We’re in the very early stage, but what we expect is that if the email sends a signal that says the mother’s unavailable—which goes against the social norm—and if there is pressure on women to always be available as parents, we’d see more negative sentiment from principals when the mother said she was unavailable. If that response is going to be judged negatively, we would hope we could pick that up in these voicemails. If the father is not available, our guess is that’s not really an issue for the principal.
There are these subtle and not-so-subtle social cues that tell women that this [always being available for your child] is your job and you’re bad if you don’t do it. Where does this come from? Why do women do more of this work? If the mother lets something fall through the cracks, is she treated differently than if dad lets something fall through the cracks? These are some of the questions we want to explore.
Why have we seen a slowdown in the closing of the wage gap between men and women?
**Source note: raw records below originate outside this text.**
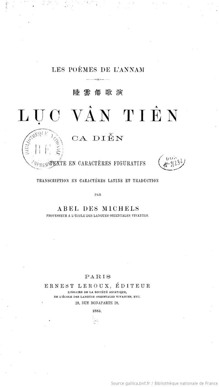 TTCT - Một nguồn cội vắn tắt của việc nghiên cứu khoa học và khách quan về Việt Nam - ngày nay gọi là Việt Nam học. Gốc rễ của ngành nghiên cứu ngôn ngữ và văn hóa Việt Nam bắt nguồn từ mấy thế kỷ trước, vào thời chủ nghĩa thực dân châu Âu. Cùng các thương thuyền và chiến thuyền châu Âu khám phá châu Á có vài tu sĩ và nhà truyền giáo Công giáo dòng Tên. Họ là những người đầu tiên thiết lập quan hệ trực tiếp giữa châu Âu và châu Á thời kỳ đó qua các nghiên cứu và ghi chép về dân tộc, văn hóa, xã hội... các nước Viễn Đông. Toàn cảnh Bảo tàng điêu khắc Chăm ở Đà Nẵng, với tấm biển bên trái ghi chữ Viện Viễn Đông Bác Cổ và bên phải là “khu cổ vật Chăm”. Ảnh không đề ngày. Ảnh: Wikipedia.org Từ những nhà truyền giáoNhững nhà truyền giáo này đến Viễn Đông, bao gồm Việt Nam, dưới lá cờ của những vương quốc châu Âu và Giáo hội Công giáo Roma. Các nền văn minh cổ ở Viễn Đông đã gây ấn tượng mạnh với họ. Trong các nhà truyền giáo, nhiều người có học thức sâu rộng về toán, thiên văn học, thực vật học, địa lý, nghệ thuật… mà họ thể hiện trong mối quan hệ với các triều đại Trung Hoa và Việt Nam. Tiếp xúc của hai phạm vi văn hóa này thông qua các nhà truyền giáo ban đầu đã dẫn đến giao lưu văn hóa và tri thức trước cả thương mại. Ở Việt Nam, nhiều tu sĩ và nhà truyền giáo Công giáo đến Đại Việt vào thời Trịnh - Nguyễn phân tranh hoạt động ở cả đàng ngoài và đàng trong.Một nhà truyền giáo dòng Tên đặt chân sớm vào đất Việt Nam là Francisco de Pina (1585 - 1625), người Bồ Đào Nha, cư ngụ ở thương cảng Hội An. Để truyền giáo, ông nghĩ ra một hệ chữ viết mới dựa vào chữ Latin và soạn những tác phẩm tiên phong về ngôn ngữ và từ vựng tiếng Việt. Công trình của De Pina sau này được nhà truyền giáo dòng Tên người Pháp Alexandre de Rhodes kế tục và hoàn thành. Chữ viết mới sau này đã trở thành chữ quốc ngữ của Việt Nam.Một nhà truyền giáo quan trọng khác là Girolamo Maiorica (1591 - 1656), người Ý. Có lẽ ông là người nước ngoài đầu tiên ở Việt Nam thành thạo chữ Nôm như một học giả Việt Nam. Maiorica để lại hơn 40 tác phẩm về Công giáo viết bằng chữ Nôm. Mặc dù phần lớn đã mất, nay vẫn còn 15 tác phẩm được lưu trữ tại Thư viện Quốc gia Paris, tổng cộng lên tới khoảng 1,4 triệu chữ Nôm.Thời thuộc địaTiếp đó, ở vùng Tây Nguyên ngày nay có nhà truyền giáo Pháp Pierre Dourisboure (1825 - 1890), người đã sống chung với người Ba Na ở Kon Tum. Ông soạn tác phẩm dân tộc ký (ethnographic) đầu tiên về một dân tộc miền Tây Nguyên, ghi chép về phong tục, tổ chức xã hội, tín ngưỡng và văn hóa trong cuốn Les Sauvages Bahnar (tựa tiếng Việt là “Dân Làng Hồ”) năm 1870, sau khi đã sống cùng người Ba Na ở Kontum khoảng 35 năm; rồi Từ điển Ba Na - Pháp (Dictionnaire Bahnar - Français) năm 1889 - từ điển đầu tiên về ngôn ngữ một dân tộc Tây Nguyên. Dưới thời Pháp thuộc, các thế hệ tu sĩ và nhà truyền giáo Pháp tiếp theo được Hội Thừa sai Paris cử đến Đông Dương. Ngoài việc truyền giáo, họ tiếp tục nghiên cứu về văn hóa, ngôn ngữ, lịch sử, địa lý…Dù phải công nhận vai trò nổi bật của các nhà truyền giáo châu Âu trong công cuộc nghiên cứu văn hóa Việt Nam, cũng cần nói rõ mục đích của họ là khiến người Việt và các dân tộc khác ở Đông Dương chấp nhận và theo đạo Công giáo. Vai trò tiên phong của họ phải được đặt trong bối cảnh lịch sử chủ nghĩa thực dân. Điều đó đồng nghĩa nghiên cứu của họ là từ góc nhìn chủ quan về uy quyền văn hóa của châu Âu so với phương Đông - và cả phần còn lại của thế giới. Cũng có những biệt lệ, nhưng không nhiều. Về cơ bản, mục đích vẫn là biện minh cho công cuộc xâm lược và thực dân hóa.Cũng giai đoạn này, trong giới quan chức chính quyền thực dân người Pháp cũng có người học tiếng Việt, tìm hiểu lý thuyết tổ chức xã hội, văn hóa và lịch sử Việt Nam nhằm hiểu biết tốt hơn và nhờ đó hi vọng quản lý dân bản xứ dễ dàng hơn. Các tổ chức nghiên cứu khoa học về ngôn ngữ và văn hóa Việt Nam được sáng lập với mục đích thực dụng là đào tạo nhân lực cho chính quyền thực dân ở Đông Dương.Năm 1871, chức vị “giáo sư ngôn ngữ An Nam” được lập ở Viện Ngôn ngữ Đông phương hiện đại ở Paris, nay là Viện Quốc gia ngôn ngữ và văn hóa phương Đông (INALCO). Cựu quân y sĩ Abel des Michels (1833 - 1910) - chủ nhiệm khoa mới này - nghiên cứu chuyên về văn chương Nôm và thi văn Việt Nam, từng dịch hai tác phẩm Lục Vân Tiên và Kim Vân Kiều Tân Truyện.Bìa cuốn Lục Vân Tiên tiếng Pháp do Abel des Michels dịch. Ảnh: gallica.bnf.fr Tiếp tục những nỗ lực đầu tiên thể chế hóa, tổ chức và phát triển nghiên cứu chuyên sâu là Ecole Francaise d'Extrême-Orient (EFEO) trứ danh, tức Trường Viễn Đông Bác Cổ. EFEO được Toàn quyền Đông Dương Paul Doumer sáng lập n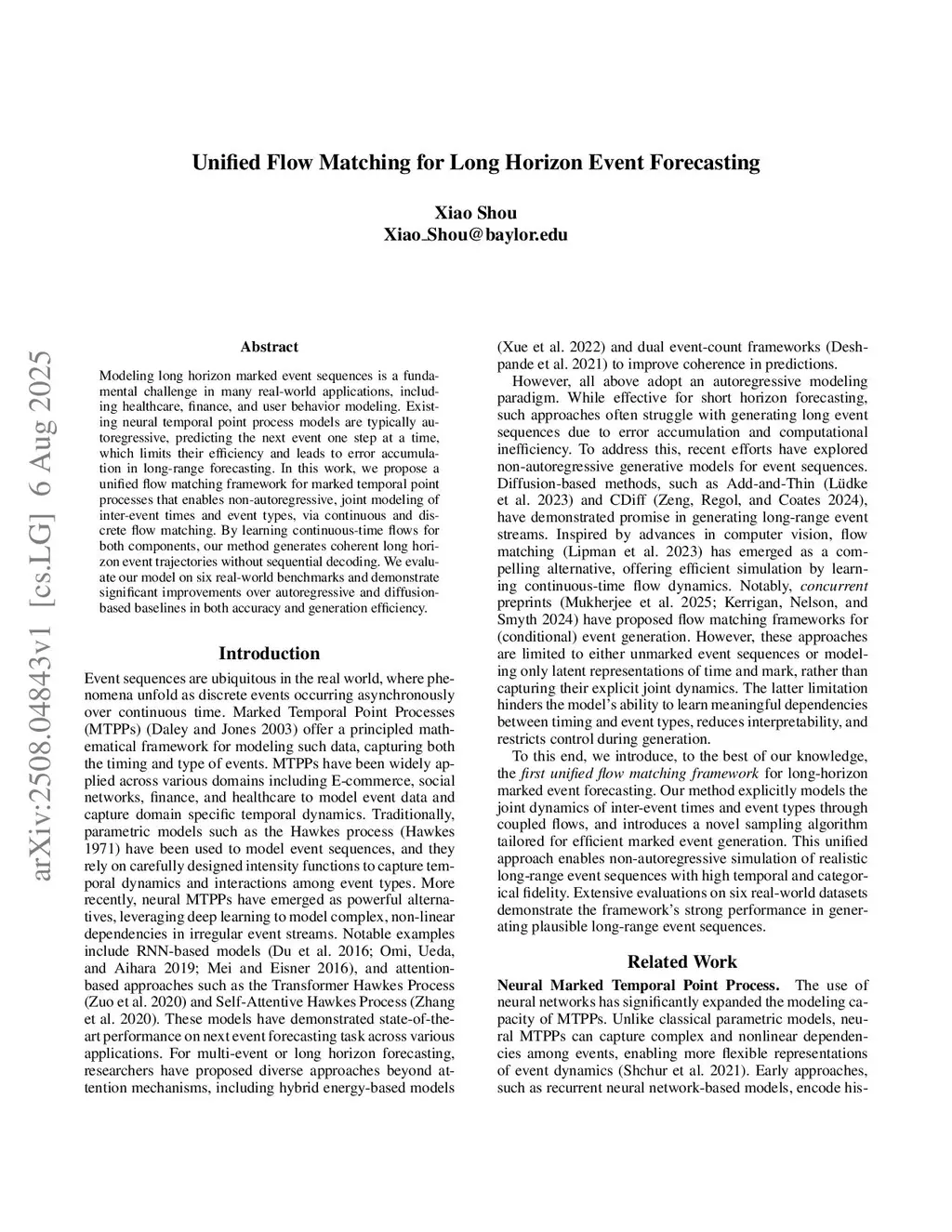 Unified Flow Matching for Long Horizon Event Forecasting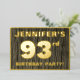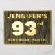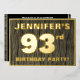 The front of this bold ninety-third birthday party/celebration foil invitation card features a personalized name, a large number “93rd”, the message “BIRTHDAY PARTY!”, and a border, all in foil. There is a rustic, yet elegant, faux wood grain appearance inspired pattern for the background of the front. The back features personalized details about the event, such as the date, time, location/venue, and any other useful information. Customizable invitations like these might be used to invite attendees/guests to a birthday gathering being held to honour somebody’s 93rd birthday. [~Z0000598]
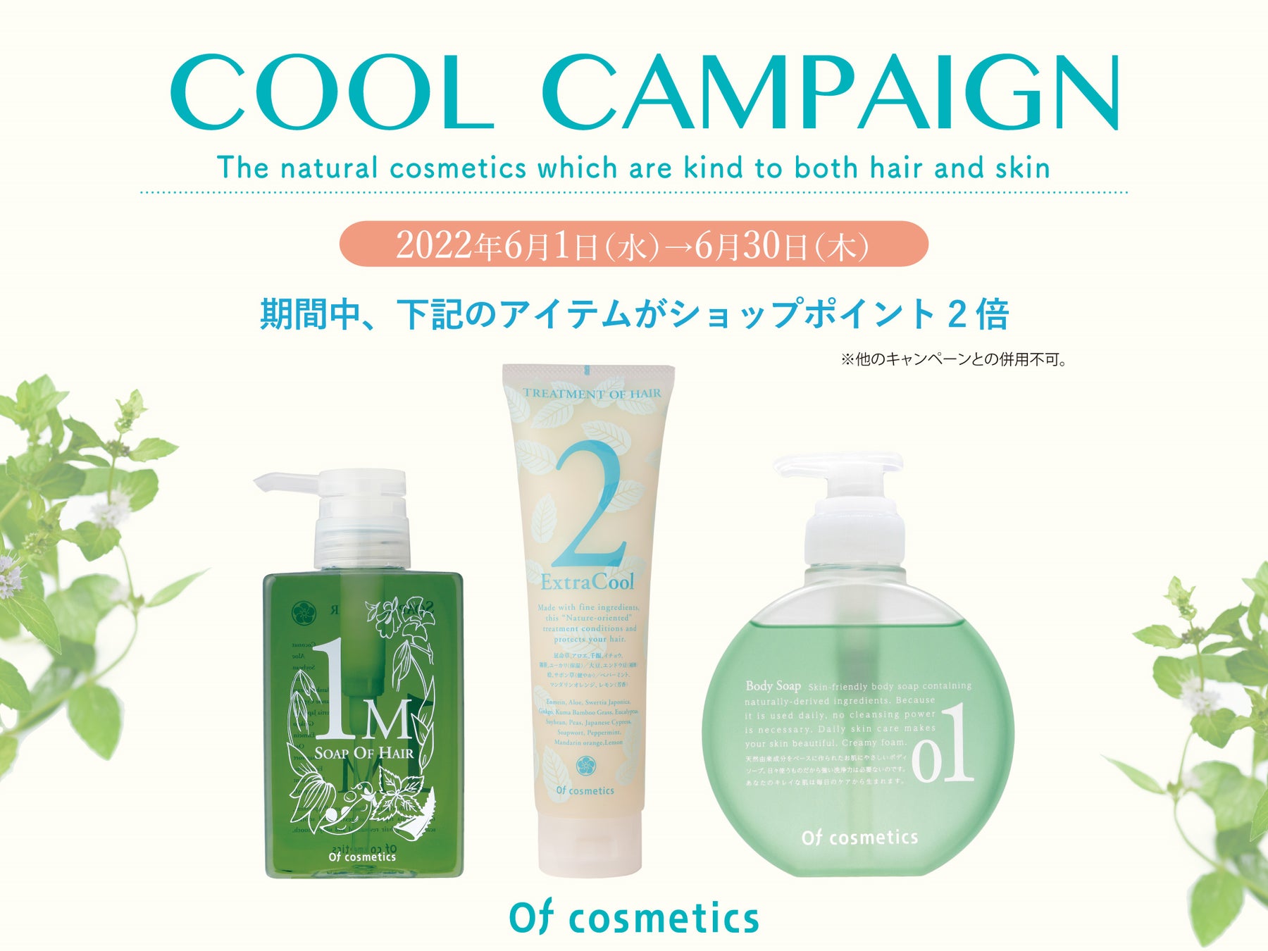 サロンクオリティのナチュラルコスメを展開する、株式会社オブ・コスメティックス(東京都中央区銀座:代表古里オサム)は、6月1日(水)~6月30日(木)まで、対象店舗にて「ソープオブヘア・1-M」「トリートメントオブヘア・2-EC」「ソープオブボディ・01-G」の3つのクール系アイテムいずれかをご購入のお客様に、ショップポイントが2倍になるクールキャンペーンを実施いたします。
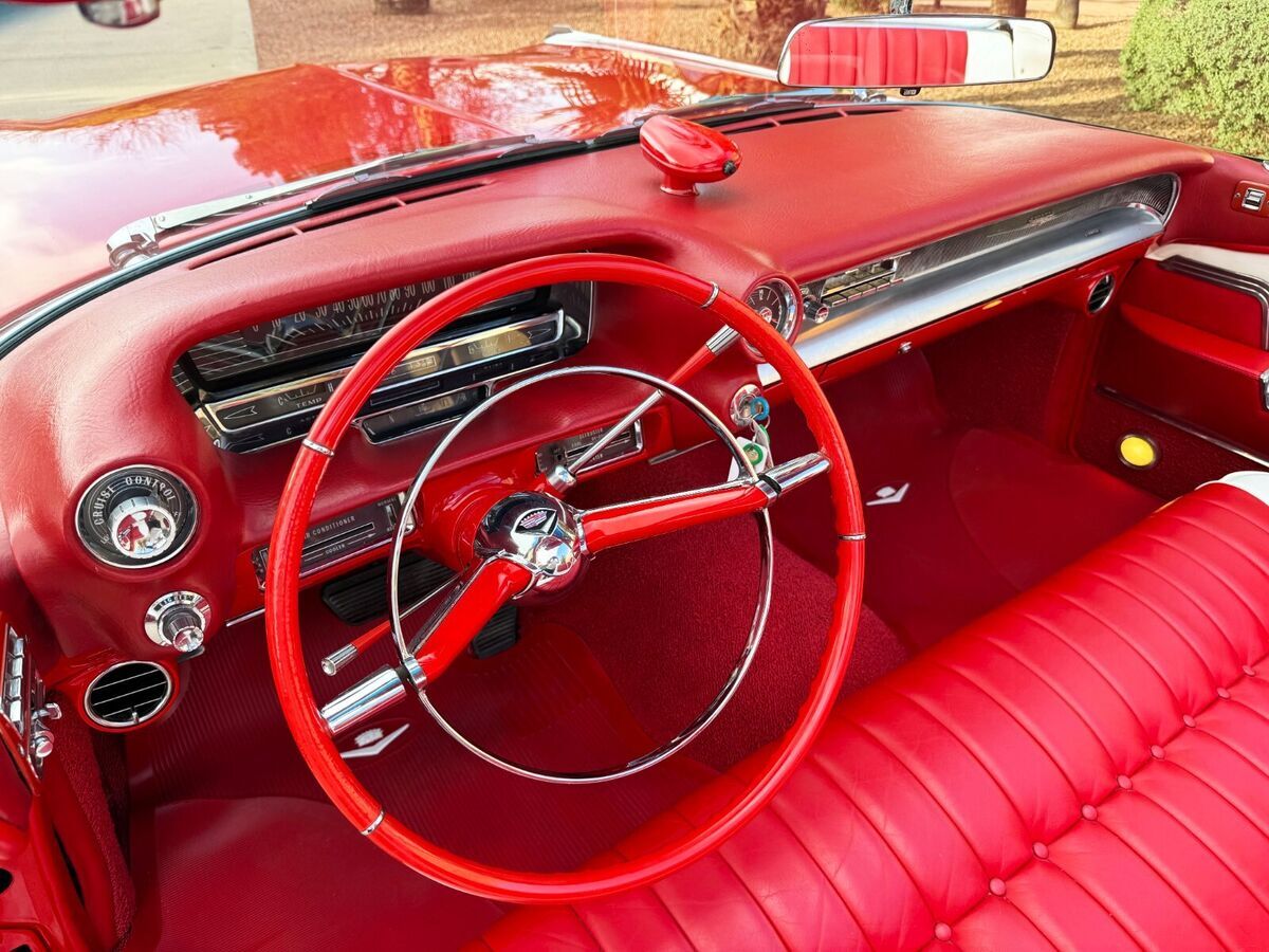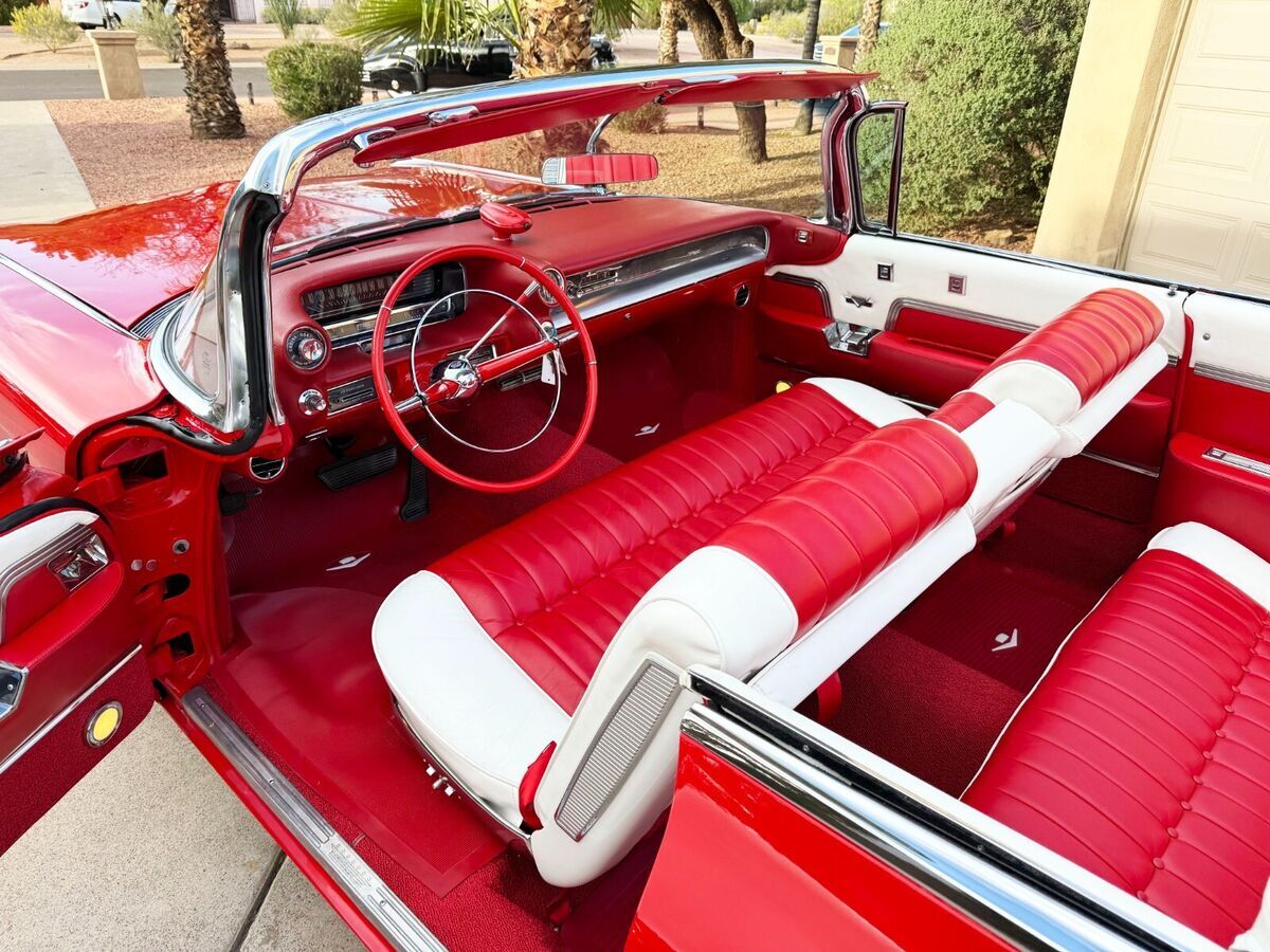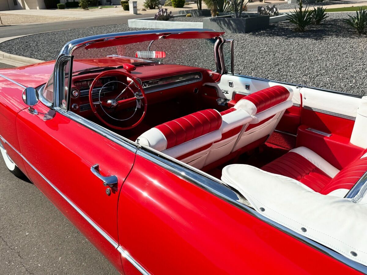 Highlights:1959 Cadillac Series 62 ConvertibleLoaded w/Working Factory Options High-end restoration on a rust-free original carShow-quality chrome, trim, and brightwork throughoutBeautifully detailed engine bay and trunkDrives incredibly smooth and tight-fully sortedStriking color combination: Seminal Red over red and white leatherRestored steering wheel and dashFactory white convertible top with restored frame and new componentsA top-tier example of one of Cadillac's most iconic years

It closed over time and now it’s kind of stubbornly sitting there, but we’re a bit puzzled at this point as a profession in being able to explain exactly why we don’t seem to be able to [fully] close the wage gap. I’m not sure we can say it has stopped closing, but if you look from the 1980s on, there was a big closing of the gap as more women came into the workforce and we shifted to dual-earner families.
It seems like we’ve hit some kind of limit and we’re not seeing the gap close at any appreciable rate and at this point, a big part of the gap can be explained by motherhood. There’s also a path dependency because child care is so expensive that unless you have two people who are both super-high earners, there is an economic incentive for one of them to step out of the labor force to take care of children when they’re young. Because historically women have made less than men, oftentimes the calculus says it’s better for the family if the mother is the one who steps out of the workforce. But none of this is in isolation—these are norms that developed over time and we’re kind of just stuck now.
What are some of the other intended or unintended results of this research as it pertains to the wage gap between men and women?
If we really want to understand the gender wage gap, we need to think about the ways that the anticipation of this gap has people making career decisions from very early on. We conducted a survey asking a range of questions, thinking about the fact that you might have extra demands coming from parenthood and how that might affect your choice of a college major.
We see twice as many women as men saying they thought hard about this when they chose their college major. We see a lot more people saying they chose to stay at home for some portion of the time [since becoming a mother versus becoming a father]. We see people saying they chose more flexible arrangements, or they might take less money in exchange for more flexibility. The reason all of this is important, aside from people’s health and happiness, is that this can place women at a real disadvantage in terms of long-term outcomes in the labor market.